When the U.S. Attorney's public corruption unit pulled a sting operation, it swept up Luber, some zoning inspectors, and two public works employees in a kickback and bribery scheme. Luber flipped quicker than you could say "minimum mandatory sentence." He signed affidavits implicating several other public officials, including Circuit Judge Herbert T. Solomon.

Steve pleaded with his father to fight the accusations, but the old man caved, quitting the bench and the Bar, even while protesting his innocence. Luber pled guilty to reduced charges, spent his eighteen months at a country club prison in the Florida Panhandle, then came back to Miami. Stripped of his Bar license, he set up shop as a lobbyist. From talk around City Hall, Pinky was making more money than ever, securing lucrative concessions at the airport, rezoning agricultural land for shopping centers, and selling fleets of not-quite-wholesale sedans to the county-all under cover of darkness.
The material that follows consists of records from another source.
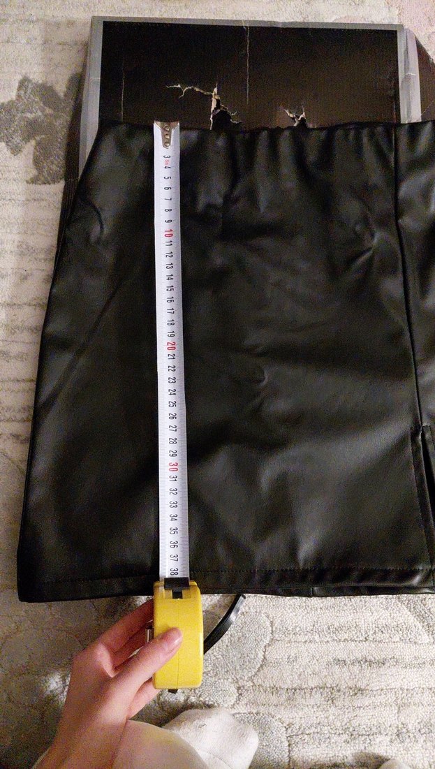 Deri siyah mini etek, düz kesim ve ölçü bandıyla uzunluğu gösteriliyor.
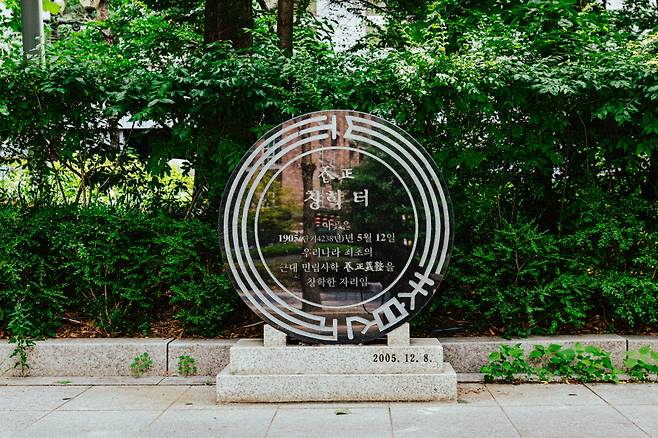 조선어학회는 맞춤법과 외래어 표기법을 정리해 <우리말 큰사전>을 편찬한 곳이다. 조선어학회 터 표석 앞 좁은 골목 안쪽 2층 건물에 그 사무실이 자리했었다. 1층은 이극로 선생이 머물렀고, 2층은 학회 사무실로 사용했다고 한다.
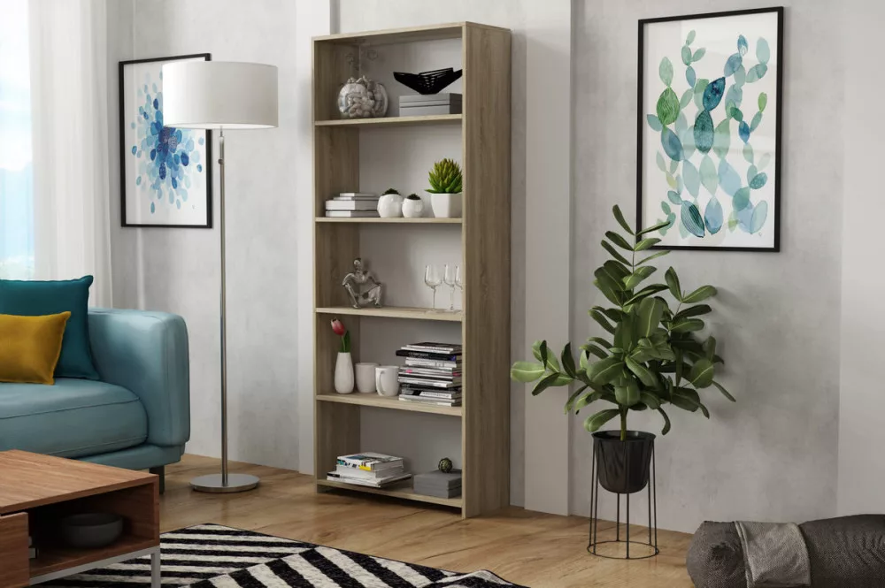 Helytakarékos kialakítású négypolcos könyvespolc. Ez a kis helyigényű könyvespolc tökéletes választás, ha már nincsen túl sok hely a szobában, mégis rendszerezetten szeretné tárolni a könyveket
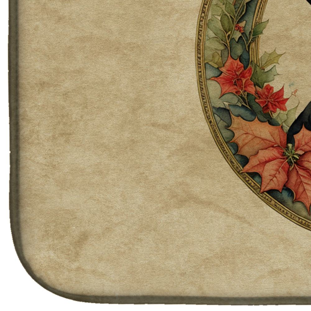 Dish Drying Mat featuring breed specific Schnauzer artwork. Celebrate Christmas with this Christmas Dish Drying Mat. Say goodbye to messy countertops and soggy dish towels with our innovative dish drying mat. Our high-quality dish drying pad is designed to keep your countertops dry while offering a stylish and efficient solution. Whether you're air drying dishes, glasses, stemware, silverware, pots, pans, bottles, or even fruits and vegetables, our dish mat is the perfect choice. The 14 inches x 22 inches size fits most counters and dish drying racks, and the non-slip design ensures stability. Made with water-absorbent polyester and a polyurethane foam insert, our dish drying mat is not only functional but also durable. It's machine washable and printed in the USA for long-lasting use. The beautiful artwork adds flair to your kitchen decor, making it a perfect housewarming gift or present for any occasion. Upgrade your kitchen experience with our absorbent and versatile dish drying mat.
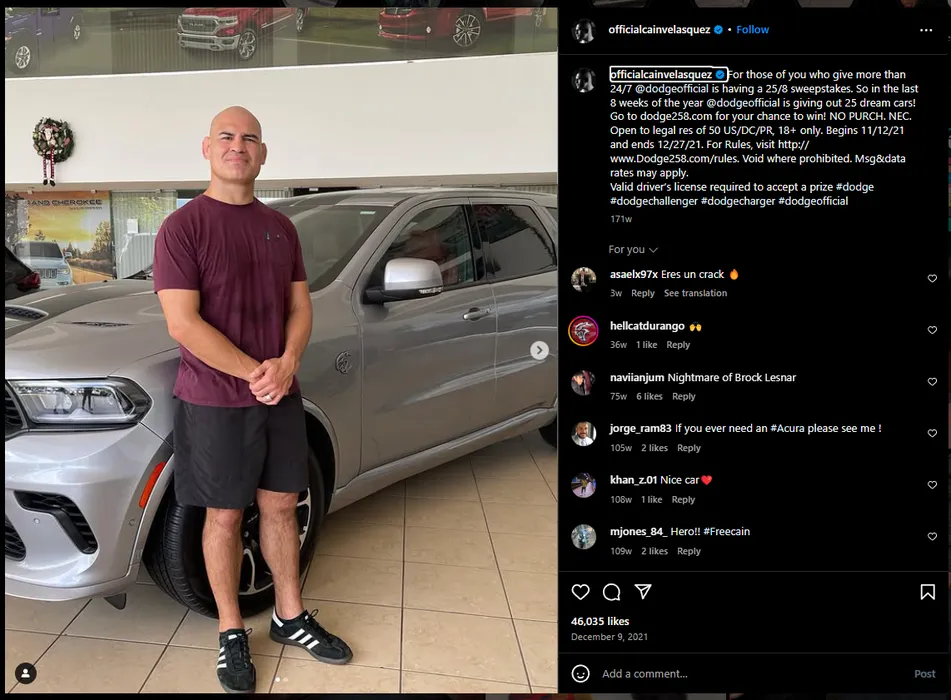Foto: Instagram / @officialcainvelasquez

It never hurt Pinky's clients in such matters to make substantial, unreported contributions to local public officials. The contributions were always in cash, and usually delivered by Pinky Luber. In Miami politics, the term "lobbyist" was a pleasant euphemism for "bagman."
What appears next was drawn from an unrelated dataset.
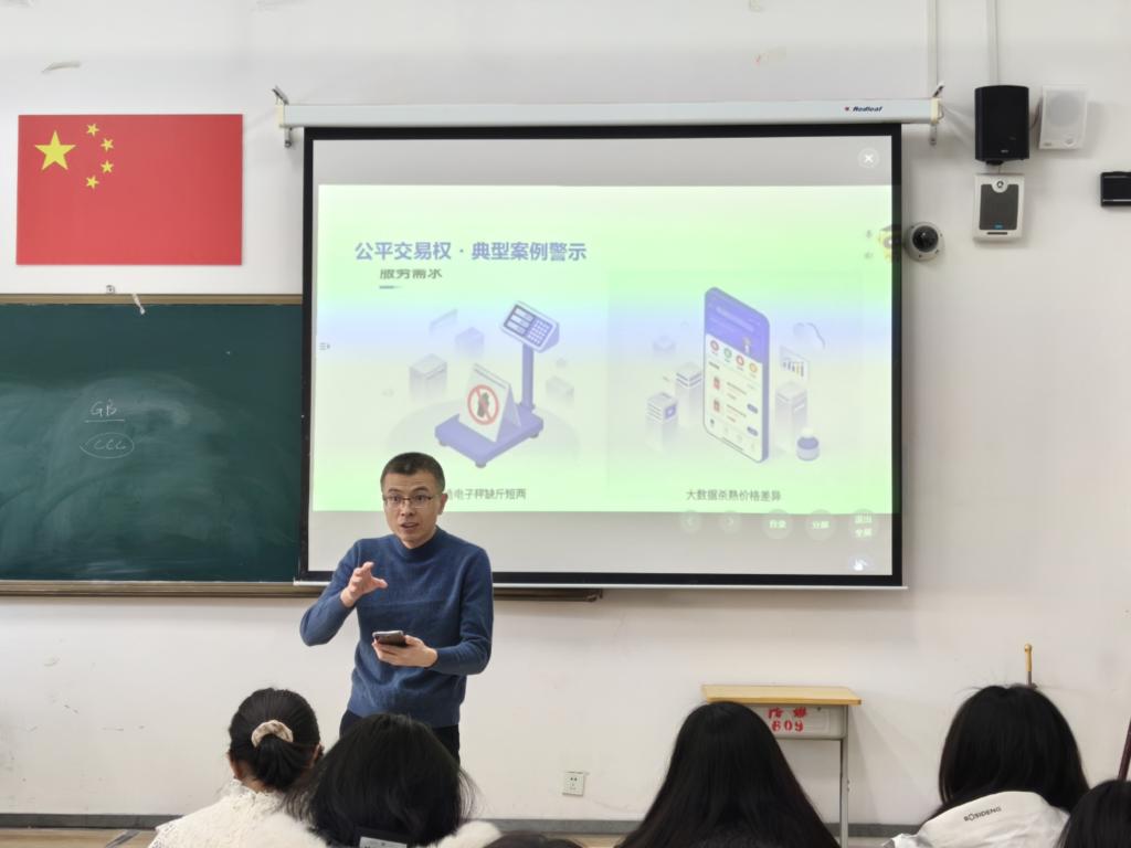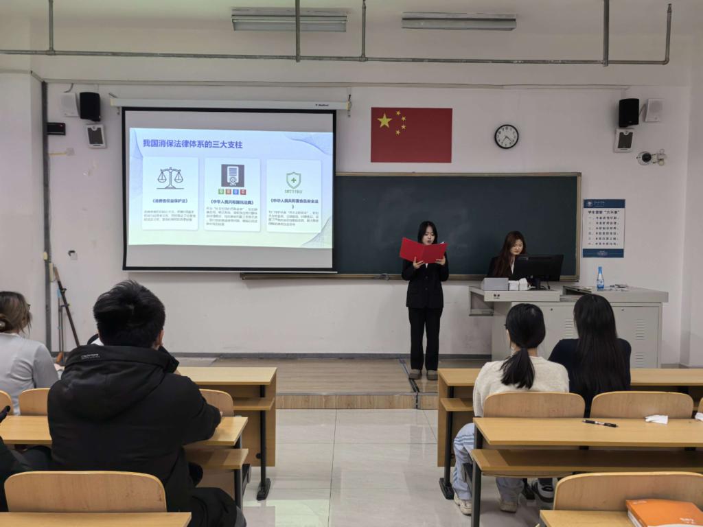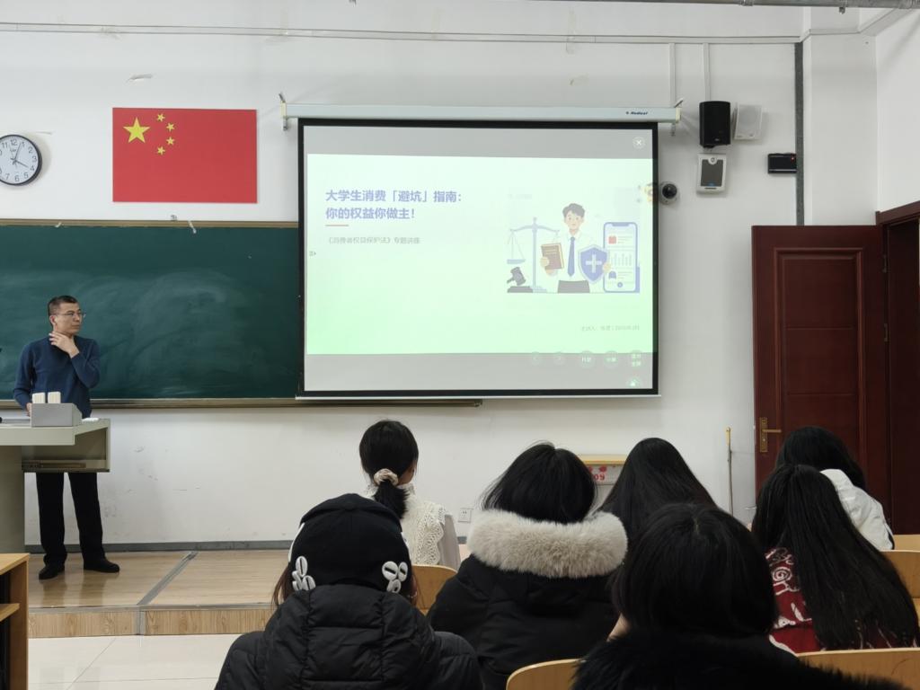 紧接着,同一时间的崇文楼A208教室中,法学社特邀张星教授主讲“你的权益你做主”专题讲座。教授深刻剖析消费者被侵权前的心理状态,以实用的策略与方法为同学们指点迷津。同学们在聆听中受益匪浅,维权观念如春雨般润物无声,深植于心。

The sight of Luber, fat and prosperous, stinking of treacly cologne, gave Steve the creepy-crawlies. He took a swing with the Barry Bonds. And then another. Closed his eyes. Visualized a ball on its upward arc leaving the bat, soaring toward the fence, nearing the warning track, then plop, into the outfielder's glove. The outfielder's face appeared: round and pink and chomping a cigar. Damn! The bastard even screwed up Steve's daydreams.
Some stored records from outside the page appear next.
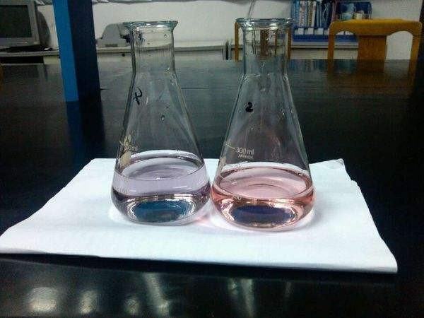 2、另外,称取溴甲酚绿0.5g、甲基红0.1g,溶解于100ml95%的乙醇溶液中(分析醇),用0.1N的NaOH或0.1N的Hcl调节其应具Ph值为4.5,此时也可以配持此北量加山具农制出淡紫红色的甲基红—溴甲酚绿混合指示剂。
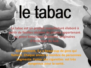 Le tabac, dérivé de feuilles de nicotiana, est la principale cause de mortalité évitable en France, responsable de 66 000 décès annuels et de 90 % des cancers du poumon. Le tabagisme passif cause également 3 000 à 5 000 morts parmi les non-fumeurs chaque année. Des lois anti-tabac ont été mises en place pour lutter contre ce fléau, bien que les opinions varient quant à leur efficacité.
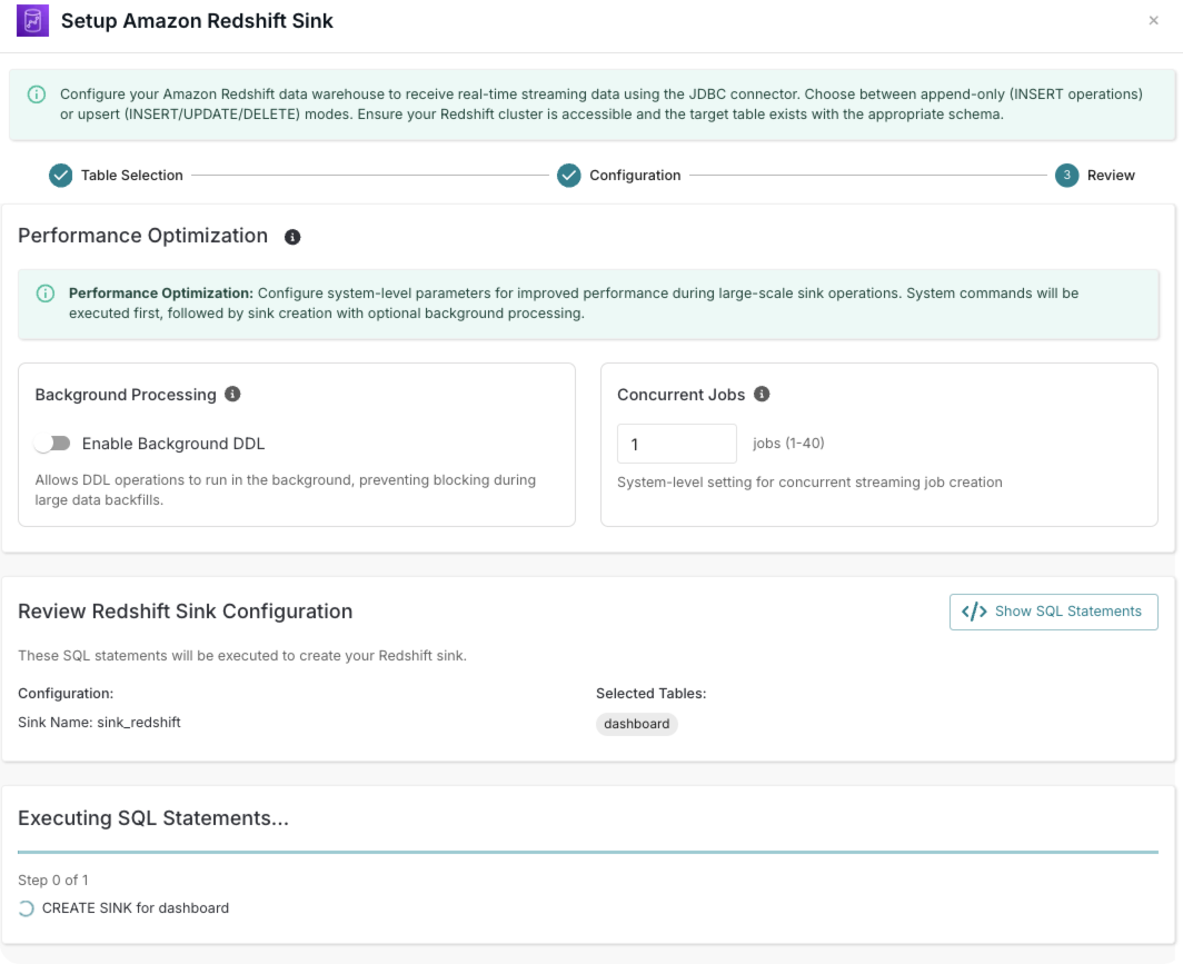 Optimize performance settings and review your Redshift sink configuration.
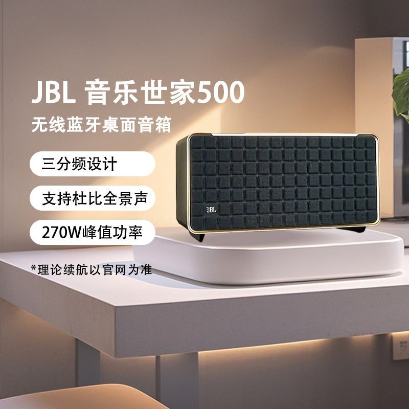 JBL音乐世家500无线蓝牙音箱震撼来袭,百年音频技术沉淀打造高保真音质,澎湃低音与清澈高音完美融合,无论是摇滚乐的激情节奏还是古典乐的细腻层次都能精准呈现。采用经典复古设计,木质箱体搭配金属网罩,兼具质感与耐用性,轻松融入家居、户外等多种场景。支持蓝牙无线连接,操作便捷,续航持久,真正实现便携与性能的平衡。
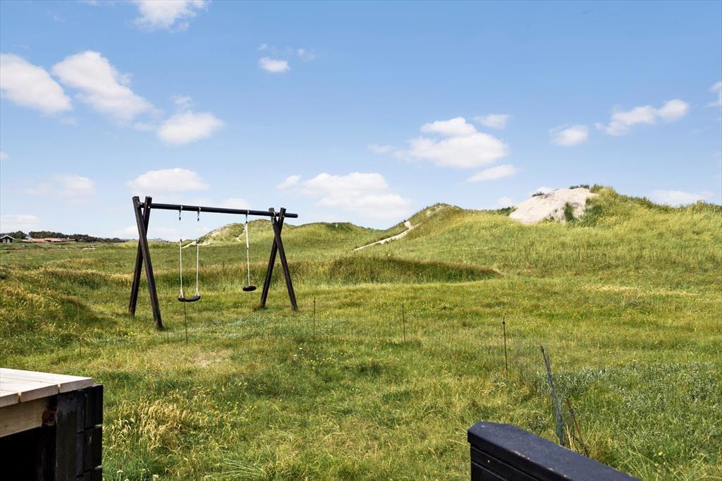 Den store naturgrund smelter på smukkeste vis sammen med det omkringliggende landskab, så I har virkelig fornemmelsen af at bo i klitterne. I forlængelse af terrassen er en mindre del af grunden skærmet af trådnet, hvilket hundeejerne måske især vil sætte pris på, mens børnefamilier kan glæde sig over gyngestativet. Den vestvendte og delvist overdækkede terrasse er helt lukket, og på den anden side af huset finder I endnu en skøn terrasse, der også har et åbent areal såvel som en overdækket lækrog.

"I was there the day you stole home to beat Florida State," Luber said.

Steve opened his eyes. "Who gives a shit?"

"Won five thousand bucks."

"You bet on college baseball?"

"Stevie, I bet whether the next gal to get on the elevator is a blonde or brunette." He smiled ruefully. "Then I lost ten grand on the College World Series when you got picked off third in the bottom of the ninth."

"Ump blew the call."

"Yeah, a tough break." Luber took a moment to size him up. When he spoke, it was softly and with a touch of sadness. "You were an arrogant little shit. That dancing off third base, that big lead you took in the series. Why the hell do it? You woulda scored on any hit."

"I was trying to draw a bad throw. If the pitcher puts it in the dugout, I score and we tie it up."

"You put the whole team at risk so you could be the hero. Now you're doing the same thing with Herb." Luber rocked forward in the chair and got to his feet. He brushed off his pants, as if he'd just hopped off a particularly dusty horse instead of a relatively clean, secondhand chair. "I gotta get going. Ponies are running at Calder."

Luber had always seemed short, but now, aged and a tad stooped, he was truly pint-size.

Luber started for the door, stopped, and turned. "Getting picked off. There's a lesson in that you never learned. You can't depend on umpires. Same for judges. Same for the whole damn system. That's why it's better to resolve matters informally. Between people."

Steve put the head of the bat on the floor, leaned on the handle. "What are you getting at?"

"That cockamamie suit you filed to get Herb's license back. You drop it, I could give you some help."

"What kind of help?"

Pinky's cheeks crinkled with a chubby smile. "Let's say you had a murder case that's got you stumped."

That caught Steve by surprise. "What do you know about it?"

"C'mon, Stevie. I got friends who say Hal Griffin's been pulling some pretty cute permits down in Monroe County. New docks, hydrofoil service, liquor license for a gulfside terminal. Then a guy from Washington gets whacked on his boat. If I were defending Griffin, I'd be asking myself one mighty big question."

"What's that? Who could you bribe to get the case dropped?"

"The one the ancient Romans asked, wise guy. Cui bono? Who stands to gain?"